I’m hardly the most patriotic American, but American ethnoreligious diversity makes me want to put my hat over my heart and sing the Star Spangled Banner at the top of my lungs.***
This trend makes me a more proud American. Diversity is a source of strength. It makes countries and cultures better. I want Tex-Mex. Still hungry. Korean tacos, please and thank you. Taco Pizza? In principle yes, in practice nein danke. My daughter, whose favorite German food is döner kebab, knows perfectly well that if there is no barbecue sauce available, the least you could do is put Cholula on your wienerschnitzel.
Give me your Philadelphia roll, your K-pop, your Bebop yearning to breathe free.
Take your purity arguments and shove them straight up your Abbotthole™.
Cultural gumbo is where it’s at!
For most of American history, the predominant concern among those who would erect walls or close Ellis Island was that the Irish could never become real Americans. Their racial inferiority and mindless subservience to Rome would forever preclude them from fitting in. The Irish! Sip on your Shamrock Shake and ponder that for a cool second.
I want my country to look like this
Or this
Not this!
As immigration continues to plague political discourse, this immigrant wants you to tune out the noise and think seriously about the promise of immigration. Our politicians are increasingly cynical and disinclined towards honest engagement. Our journalists are fighting for survival. It’s up to you to read. Think. Create an honest, earnest, thoughtful, nuanced discussions about immigration. Fine tune what Ernest Hemingway called your built-in, shock-proof, crap detector. Pionering media scholar Neil Postman urged this decades ago, fearing that:
Every day in almost every way people are exposed to more bullshit than is healthy for them to endure, and if we can help them to recognize this fact, they might turn away from it and toward language that might do them some earthly good…Crap-detection is something one does when he starts to become a certain type of person…Sensitivity to the phony uses of language requires knowledge of how to ask questions, how to validate answers, and certainly, how to assess meanings.
If Postman thought that 1970’s America was drowning in bullshit, he must be lamenting this bullshit tidal wave from the grave.
And hey, if you’re too damn tired or preoccupied to keep your crap detector on high alert, I get it.

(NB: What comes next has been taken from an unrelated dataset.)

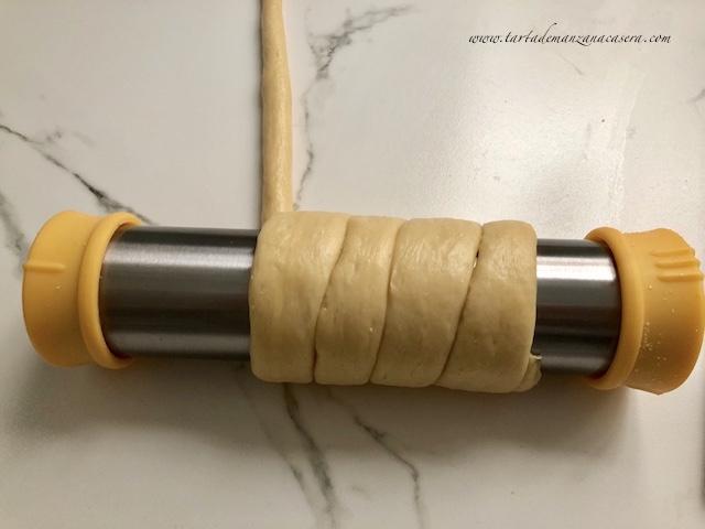 Vamos con la receta, ingredientes a temperatura ambiente. Podéis utilizar levadura fresca o seca de panadero tanto la normal como la instantánea (ver Dulcepedia). La receta que he utilizado es la que más veces he visto en la red y curiosamente la que viene en las instrucciones del molde de Tescoma. Son todos de andar por casa. La receta es sencilla. Importante respetar el tiempo de levado. Conseguir una masa lisa y elástica. Enrollar con cuidado sobre los tubos previamente untados con un poco de aceite o mantequilla. El último trozo a enrollar lo colaremos bajo el anterior para que no se nos suelte durante el horneado. La primera hornada es de entrenamiento, se me descolgó y rompió uno de ellos, visto el error la siguiente quedó mejor. No os excedáis poniendo masa, ni la pongáis demasiado fina.

I too have bandwidth issues. But I might beseech you to tap into what Abraham Lincoln called the better angel of your nature.
The most American of Americans, Lincoln proudly passed The Act to Encourage Immigration. He signed it in the midst of the Civil War, in 1864 when the nation literally was more divided than ever. Indeed, he signed it on July 4, the most American of days.
Best from Berlin,
DL
* If I’m being honest, I see myself as a Chicagoan (not an American), living in Berlin (not Germany). Both empires are fiction to which I cannot subscribe.
** Question: in our age of visual culture, would you support or refute the use of visual media in political debates? Imagine each candidate has a screen behind them upon which they can show whatever tables, charts, photos, political cartoons they want.
*** National Parks also make me wanna wave a flag.